▶ Exercise aim
Everything from the opening line of the listing below to the line that has "Quadro Decorativo Frida", inclusive, should be returned exactly, except the pictures.

▶ Data excerpt
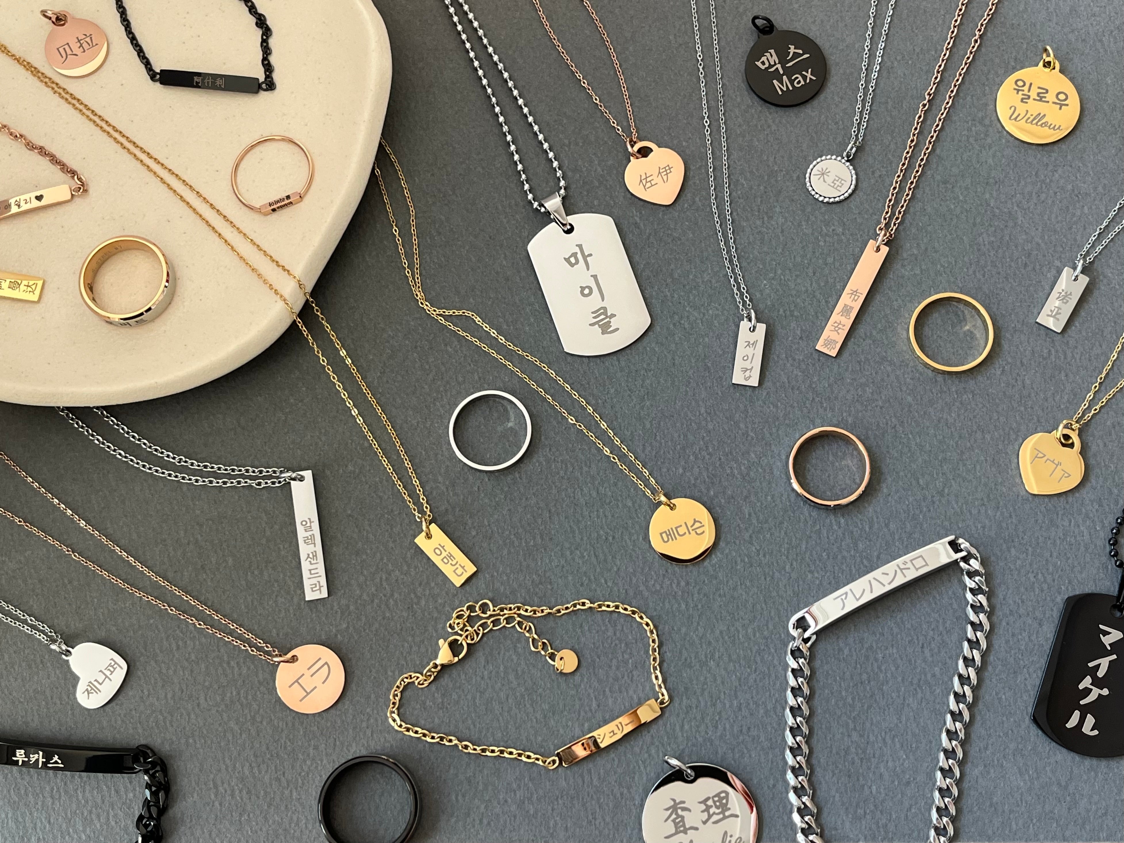 Personalized Name Jewelry in Korean, Chinese, Japanese, and English Letters
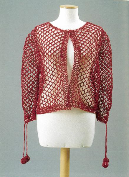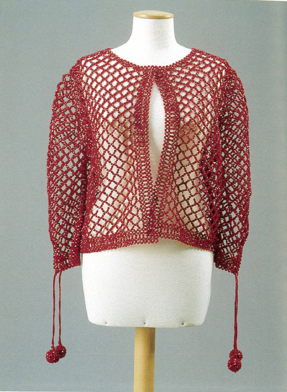 Giacchino diritto a giro collo allacciato con un gancio nascosto alla scollatura. Le maniche a tre quarti, montate a giro, terminano con polsini allacciati con nastri di velluto terminanti in una pallina rivestita di perle. Il capo è realizzato con una rete romboidale di cristalli rossi, che si infittisce e muta disegno sulle spalle, lungo i bordi della giacca e nei polsini.
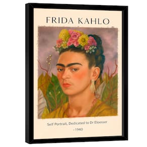 Quadro Decorativo Frida Kahlo Self Portrait, Dedicated to Dr Eloesser Moldura Preta - 84x54cm -
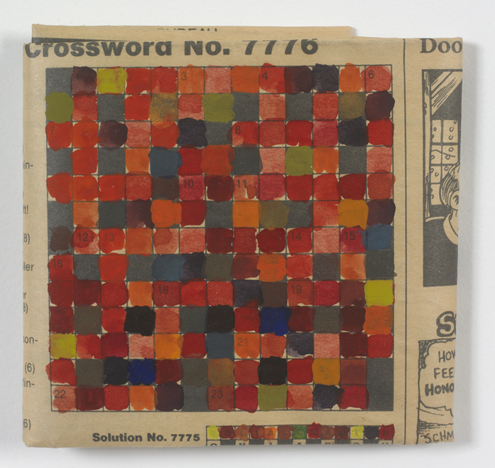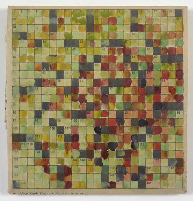 I always had a strange relationship with crossword puzzles because I never found an answer to any of the questions that are asked in the puzzles, so I was always looking at crossword puzzles as a blank grid. And they were staring at me, staring back as an unresolvable puzzle. That’s why I started to fill in the squares where letters are supposed to be, these letters constituting words, and replacing them by color and painting the whole grid over with brushstrokes instead of alphabet. By painting watercolor on the crossword puzzles, it’s like changing the rules. The crossword puzzle struck me as an interesting space for its geometric qualities and at the same time for its familiarity. Crossword puzzles, once they are painted, remain recognizable. And they become quite ambiguous. What are we looking at? Are we looking at a crossword puzzle? Are we looking at a small abstract painting? I was also interested in the fact that they are very small. For the most part, I was painting them quite quickly. And so in that very simple gesture, there was the possibility to make something ambiguous and complex, which is: cognitively, what are we looking at? And the way that these puzzles are painted is that we have color on the foreground. It’s not color that’s used to construct a space. We really have two realities, and one is in the foreground: it’s color. The familiar reality of the crossword puzzle is in the background. And that is fundamental to the way I work, even with my videos. The predominance of color as a language and as a filter is something that, since these earlier works on paper and some complex video productions, is very fundamental to the way I think about painting and the way I apply color. And in this situation, this particular situation, color functions as a code, another language, one that has its own repetition and rhythms. We don’t fully understand it but we do relate to it. And then I started realizing how many differences there were between different designs, so to speak, the way that the crossword puzzles were written and how, graphically, there were different types of numbers and different thickness of lines, and how the whole newspaper around it could leak some information. So I started collecting crossword puzzles from newspapers in languages that I didn’t know: Chinese, and Arabic, and so on, Russian, because the alphabets and the printing were so different and interesting. And I would go to this newsstand near my studio in Brooklyn and buy all these newspapers. And the person who sold them, after a while, looked at me and said, “Well, how many languages do you speak?” Well, I had to say that I would only paint the crossword puzzle.

▶ Worked solution
 Personalized Name Jewelry in Korean, Chinese, Japanese, and English Letters
 Giacchino diritto a giro collo allacciato con un gancio nascosto alla scollatura. Le maniche a tre quarti, montate a giro, terminano con polsini allacciati con nastri di velluto terminanti in una pallina rivestita di perle. Il capo è realizzato con una rete romboidale di cristalli rossi, che si infittisce e muta disegno sulle spalle, lungo i bordi della giacca e nei polsini.
 Quadro Decorativo Frida Kahlo Self Portrait, Dedicated to Dr Eloesser Moldura Preta - 84x54cm -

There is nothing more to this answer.